Diferente é o caso de grandes massas que abraçam as novas Igrejas nascidas nos Estados Unidos e que se expandiram por todo o mundo na tentativa de sobrepujarem o catolicismo e o protestantismo tradicionais. As várias seitas evangélicas organizam formas de assistência social que incutem hábitos de vida e linguagem própria caracterizando os seus seguidores com um novo padrão de comportamento que os distingue dos demais. São formadores de opinião que disputam o poder político e negociam os votos em véspera de eleições.
Há os dois casos, os que usam o símbolo religioso como status, e os que realmente procuram uma tábua de salvação que sirva de apoio dentro da sociedade em que se sentem órfãos. São agrupamentos, ou comunidades como hoje preferem chamar, com funções sociais bastante claras.

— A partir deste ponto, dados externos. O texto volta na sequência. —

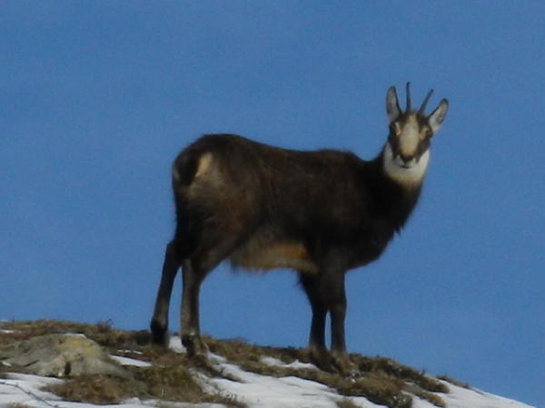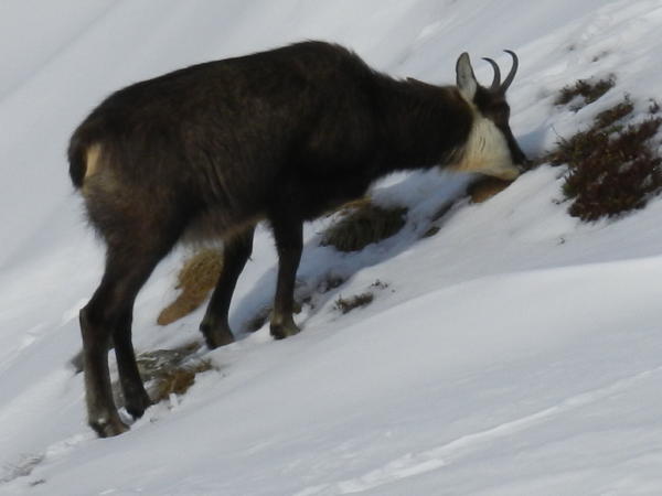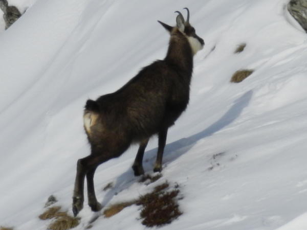 4 Gämsen unter dem Gipfel des Burgfeldstandes beobachtet. Bitte umsichtig gehen und die Tiere nicht zur Flucht zwingen. Für das kurze Stück brauchte ich sicher eine halbe Stunde, die Tiere sind aber vor Ort geblieben.

Por toda a parte, no Brasil, vêm-se os anúncios de «Jesus voltará». São grandes cartazes nas ruas, adesivos nos carros, frases nas roupas. Em São Paulo os mais realistas, ou os cínicos que pretendem mostrar que estão acima das crenças, acrescentam a frase: «Que venha armado!» A ironia não revela cepticismo, mesmo no caso do que pretende disfarçar com cinismo. É o hábito dominante de fazer graça para amenizar a tristeza e de estabelecer laços de solidariedade entre os que crêem e os que não crêem. Ou ainda, a preocupação em deixar todos os caminhos abertos, já que não se tem certeza de nada.
Procura-se Deus, (ou deuses, já que as crenças misturam o cristianismo com outras religiões politeístas) por toda a parte. Não é um passo adiante, no sentido da humanização e da investigação filosófica, mas vários atrás depois de ter sido esgotada a fé na condução humana da sociedade. Significa a capitulação da consciência de cidadania e a renúncia aos valores do conhecimento acumulados pela humanidade nos dois milénios da civilização ocidental.


Questão de sobrevivência

O brasileiro será mais místico que outros povos? Penso que não se trata de uma cultura religiosa e sim de uma condição de sobrevivência numa sociedade hostil. É impossível suportar uma vida sem qualquer esperança. Se o panorama social e económico fecha todas as portas, principalmente com o empenho da elite em destruir a utopia que animava a participação popular na luta pelo desenvolvimento do país, a válvula será a crença religiosa. Acrescente-se ainda uma história nacional de convívio e miscigenação das mais diferentes culturas com filosofias de vida contraditórias, ao longo de muitos séculos. É um povo aberto, receptivo, sem um padrão cultural consolidado uniforme e com todas as incertezas possíveis.
Esta diversificação religiosa separou o Deus das pessoas, do Deus das Igrejas, na consciência popular. Não consideram que a vida infernal e as injustiças constantes que a sociedade impõe derivem da vontade divina. Confiam no socorro paternal, pelo menos depois da morte. Assim, têm uma crença que os alivia dos medos quotidianos e o amor a Deus é a expressão de esperança, a única que resta.
A competição institucional entre as Igrejas não consegue levantar barreiras de oposição entre os seus adeptos. Como pouco ou nada se conhece acerca dos cismas que dividiram historicamente as religiões, a adesão a uma ou outra Igreja depende mais da proximidade do templo e da capacidade de proselitismo que desenvolve junto à população. Há casos de mudança de crença e de Igreja em função da migração interna. Num país pobre e sofrido como o Brasil, o papel de assistência social de uma Igreja é determinante para reunir os seus adeptos. Acima de todas está a esperança traduzida no nome de Deus ou, mais familiarmente, de Jesus, como um fetiche. Mesmo as religiões africanas ou dos índios já estavam bastante misturadas com os conceitos cristãos trazidos pelos europeus, sem que se estabelecesse qualquer ordem hierárquica entre as imagens divinas. O convívio é pacífico e aponta para a união. Não é nenhum absurdo a sequência de divindades chamadas na hora do aperto: «Jesus Cristo, Virgem Maria, Saravá meu Santo!», que pode vir acompanhado até de um «My God!».